▶

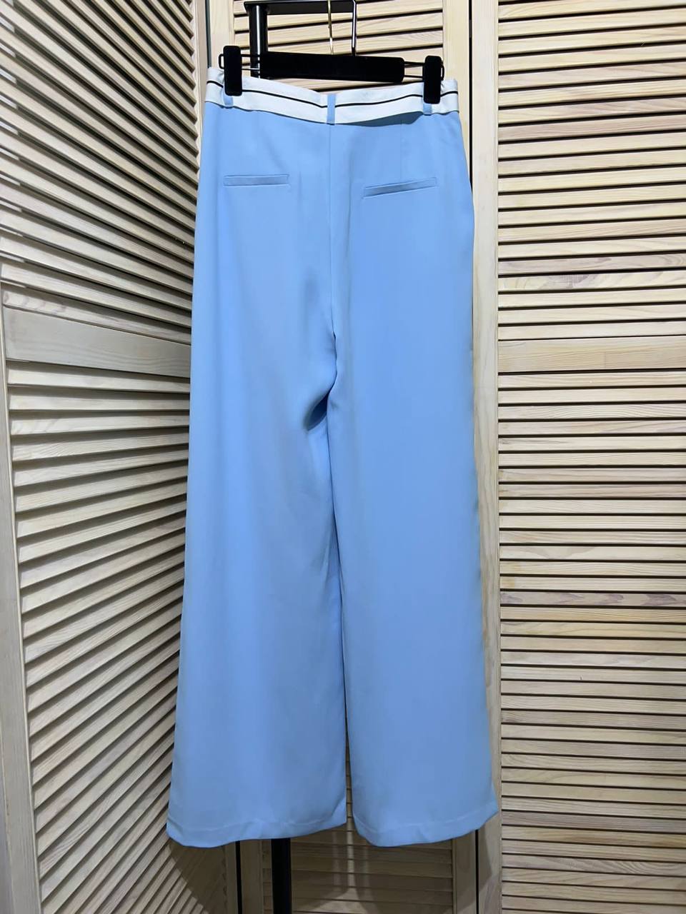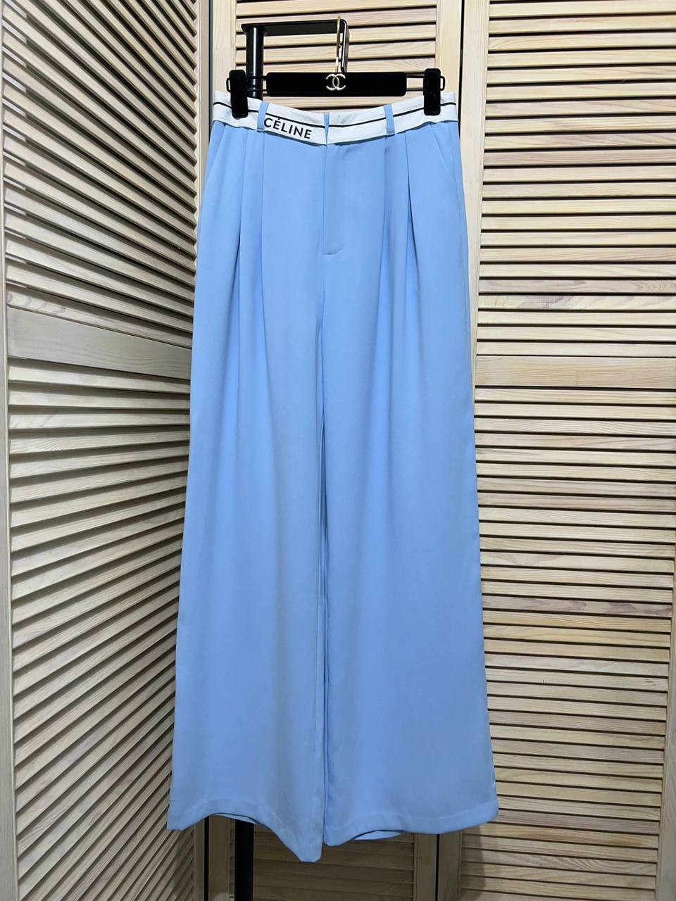 Брюки Celine LUX-89150 – это воплощение элегантности и стиля. Брюки небесно-голубого цвета с широким поясом, украшенным логотипом бренда, отлично подойдут для создания как повседневных, так и более формальных образов. Эти брюки, вероятно, сочетают в себе комфорт и изысканность.
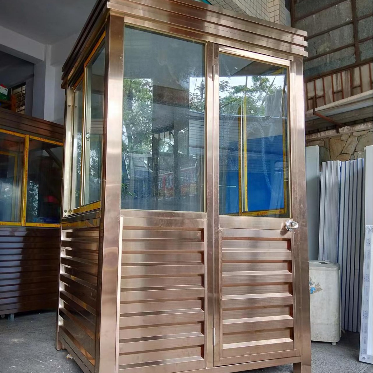 室外不锈钢保安亭门卫小区物业可移动凉亭方形户外岗亭金属亭子
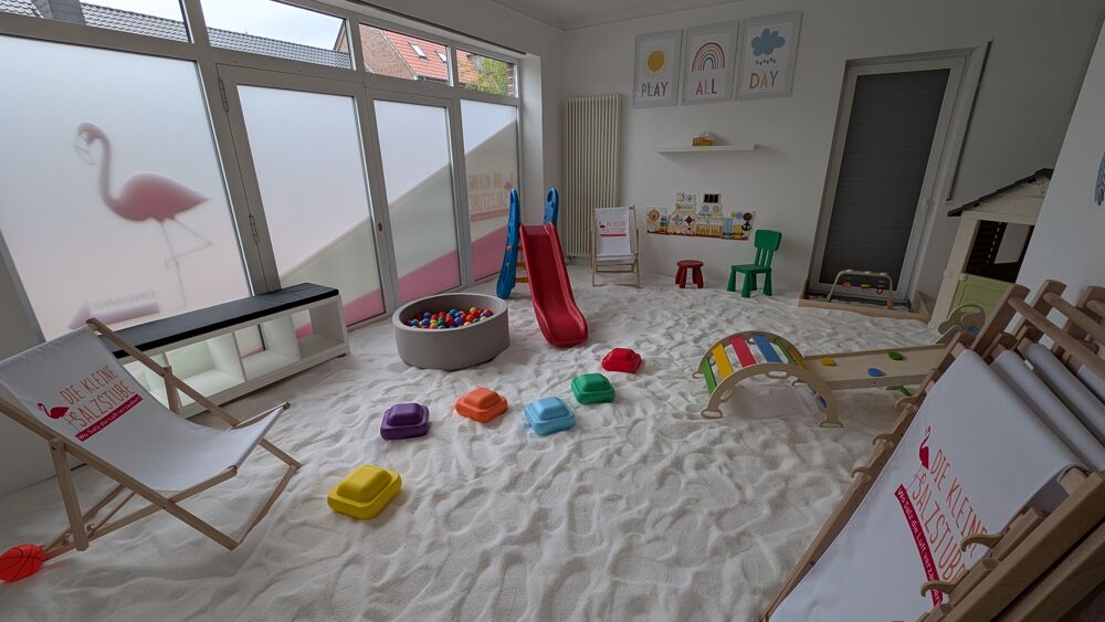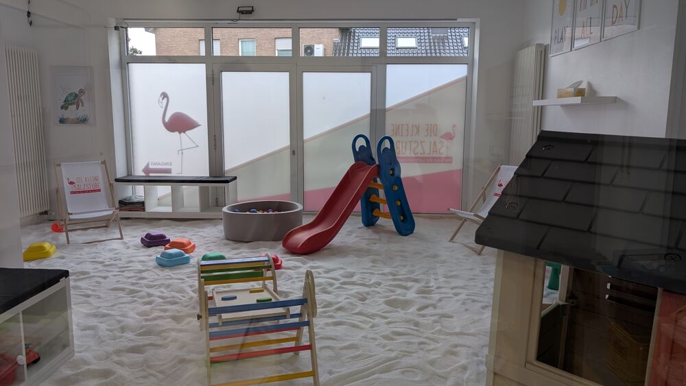 Die kleine Salzstube ist ein für Kinder entwickelter Salzspielplatz(tagsüber für Familien und am Abend für die Erwachsenen).Die Kinder fühlen sich wie am Strand, nur das der Boden nicht mit Sand, sondern mit Salz bedeckt ist.Mit einem speziellen Sole-Vernebler wird der Salzraum mit Salzsole vernebelt. Die feinen Salzpartikel können so bis tief in die Lunge gelangen.Somit kann die Inhalation die Linderung von Erkältungen, Husten, Schnupfen, Asthma, Bronchitis, Allergien, Neurodermitis, Ohrenentzündung, Heuschnupfen uvm. lindern.Eine Sitzung dauert 45 Minuten.Das ganze soll natürlich nicht nur für die kleinen sein.Deswegen bieten wir 2 mal die Woche am Abend Sitzungen für Erwachsene an.Dann wird der Salzspielplatz ein Ort zum entspannen und gesund werden.Im Salzraum gibt es kostenlos Wasser.
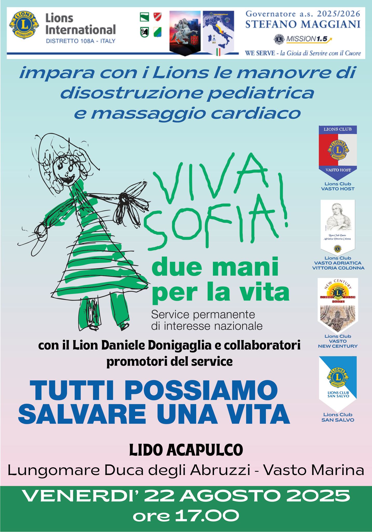 L’evento è giunto a conclusione di una intera giornata che i Lions della provincia teatina hanno dedicato al service Viva Sofia! Due mani per la Vita curato dal Lion Daniele Donigaglia e dal suo team che da anni porta avanti una massiccia campagna di sensibilizzazione e di informazione su tali metodiche che devono essere alla base del comune patrimonio di conoscenze perché possono fare la differenza.
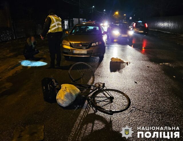 Попередньо, водійка автомобіля «Geely», 38-річна містянка, здійснила наїзд на жінку, яка у цей час перетинала автошлях, ведучи велосипед у руках. У результаті ДТП 80-річна бердичівлянка отримала травми та була ушпиталена до відділення інтенсивної терапії міської лікарні, – повідомляють у поліції.
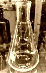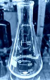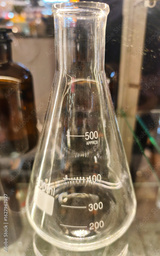 Laboratory glass flask characterized by its flat bottom, conical body, and cylindrical neck. The flask has graduations indicating volumes up to 500 mL.

◀

Every picture stays out; reproduce exactly the lines from the one with "Попередньо, водійка автомобіля" through the last line of the data above.

▶ Exercise solution:
 Попередньо, водійка автомобіля «Geely», 38-річна містянка, здійснила наїзд на жінку, яка у цей час перетинала автошлях, ведучи велосипед у руках. У результаті ДТП 80-річна бердичівлянка отримала травми та була ушпиталена до відділення інтенсивної терапії міської лікарні, – повідомляють у поліції.
 Laboratory glass flask characterized by its flat bottom, conical body, and cylindrical neck. The flask has graduations indicating volumes up to 500 mL.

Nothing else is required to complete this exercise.